The landscape sure has changed a lot this month, hasn’t it? In what seems like no time at all, we went from some fantastic fall color the gray, drab, leafless skeletons we’ll be looking at for the next half year. So it goes here in our little spot on this planet.
Personally, I could do without all the cold and ice and snow. I’m not a fan of winter’s short days and the barren gray of the leafless forests, but there’s nothing I can do about that. Except maybe go to Florida for a while.
You ever stop to think about the process of trees making leaves through spring and summer then just letting them go in the fall? Of all the ways that plants could have adapted in this part of the planet, why that way? Why put all that energy into creating all that biomass, using it to create the energy needed to grow and live, then just drop it all to the ground?
It’s one of the many fascinating mysteries of the natural world.
Don’t get me wrong. The strategy clearly works, and not just to the benefit of the tree. Sure, the leaves harvest solar energy through the incredible mechanism of photosynthesis (again, of all the strategies plants could have come up with, how – and why – did that particular one win out?). That energy, coupled with elements from rain, air, and soil, fuels the tree’s growth. In the process, the tree exhales, contributing life-sustaining oxygen to the air, making the world habitable for so many other things, us included.
Then the process stops. The leaves give up their photosynthetic green, turn all sorts of stunning colors, then fall to the ground to decay away.
But that’s not where the miracle ends, is it? Even detached from the tree that spawned them, those leaves continue contributing to our existence. The making of those leaves pulled carbon from the air that then gets transferred to the soil as those leaves decay. But before then, those leaves provide a blanket to untold little creatures that overwinter beneath their protective cover. Creatures we rely on for pollination, pest control, water quality, soil health, and lord-knows-what-else.
And as those leaves break down – with the help of untold critters, fungi, and other decomposers - they contribute critical nutrients and organic matter to the soil. Soil which then nourishes the parent tree, and others around it, related and not, strengthening their roots and trunk as they reach taller and broader, thus capturing more sunlight and carbon and providing shade and refuge for the creatures we’re more apt to notice on our walks in the woods.
It all happens right before our eyes. Yet we rarely notice.
If you read this column with any regularity, maybe you’ve noticed that I like to find lessons in the natural world that can improve our way of being human. I can’t help but see a metaphor here.
How many of us cling so tightly to certain ways of thinking, ways of doing, ways of being? How invested are we in holding on to things we put significant resources into? How often does that inflexibility, that death grip on the “old ways” impede our progress or prevent us from becoming the people we want to be?

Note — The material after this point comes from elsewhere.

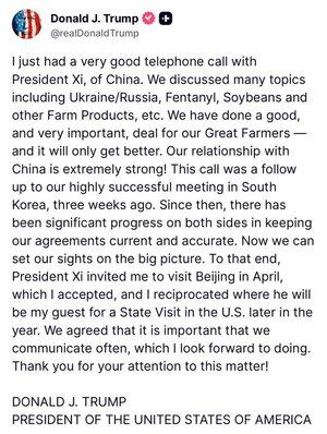 突发:特朗普表示他刚刚与中国的习近平进行了非常好的通话
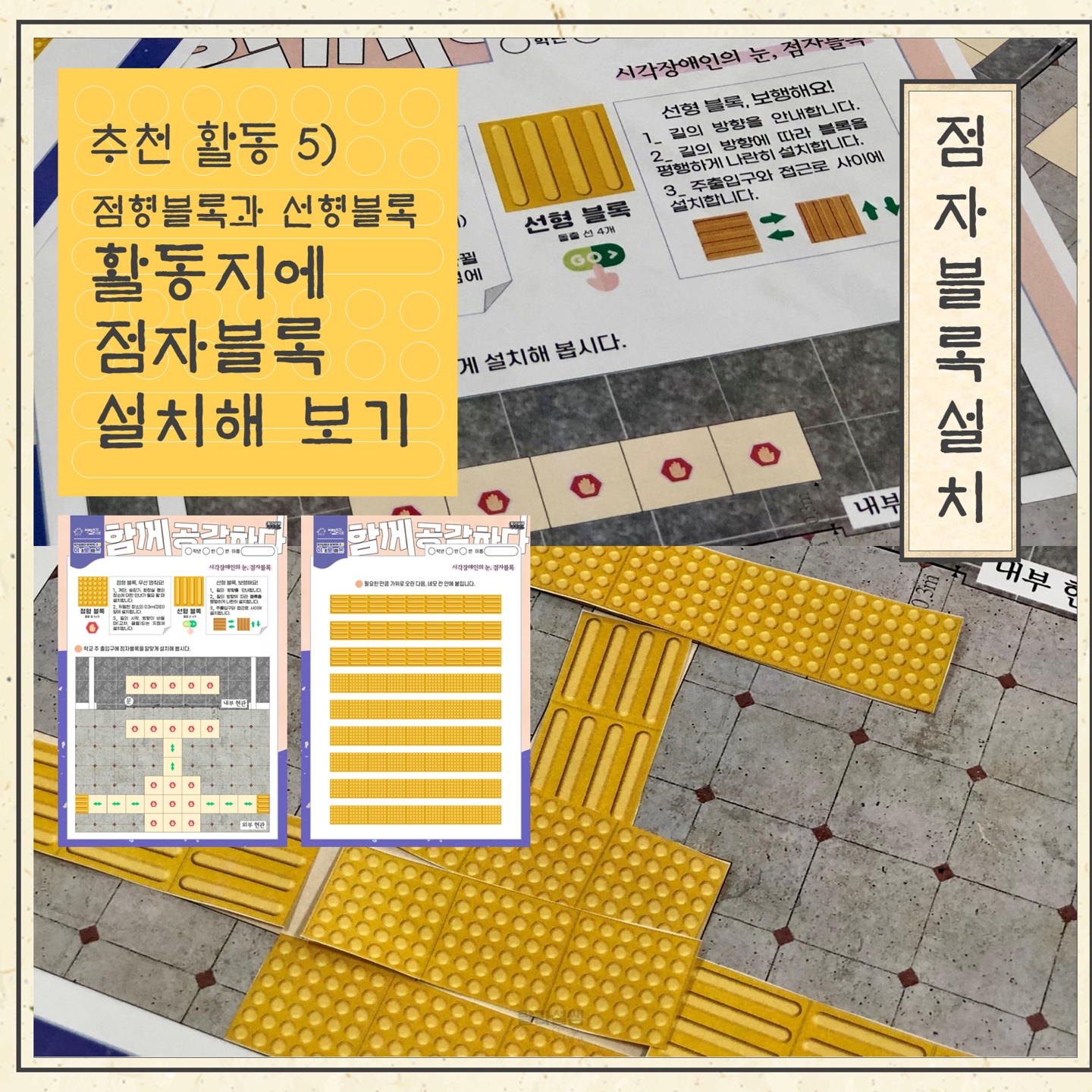 점형블록과 선형블록의 차이를 알아보고, 활동지에 점자블록을 설치해 봐요.

What if we took lessons from trees? What if we let go of those “leaves” of old ways of thinking, doing, or being? What if we could drop that which no longer serves us to clear the way for new, while growing in the process?
Letting go is hard. Scary. But so often necessary.
This year my wife and I had one of many letting go situations with our kids, now aged nine and six as they took to riding the bus to and from school and no longer getting rides from their mother. A small thing on the surface, sure, but for us (and especially for my wife) it was yet another step away from their reliance on us and a step toward their independence. And that’s as it should be, but there’s certainly an element of letting go that strikes an emotional chord. Her babies are less and less so every day. And considering wifey is overwhelmingly responsible for having kept them alive – and healthy – this long (I certainly can’t claim much credit there, I can’t remember to lower the toilet seat), I can’t blame her for shedding a tear as the bus pulled away.
Letting go is hard.
What leaves are you holding too tightly to? What could you let go of that would allow you grow as a person, a parent, a friend, a neighbor? In the words of the princess my kids no longer watch: let it go.
Then get outside. You probably have raking to do.
This is the monthly "Living Land" column I write for the local newspapers here in Des Moines County, Iowa.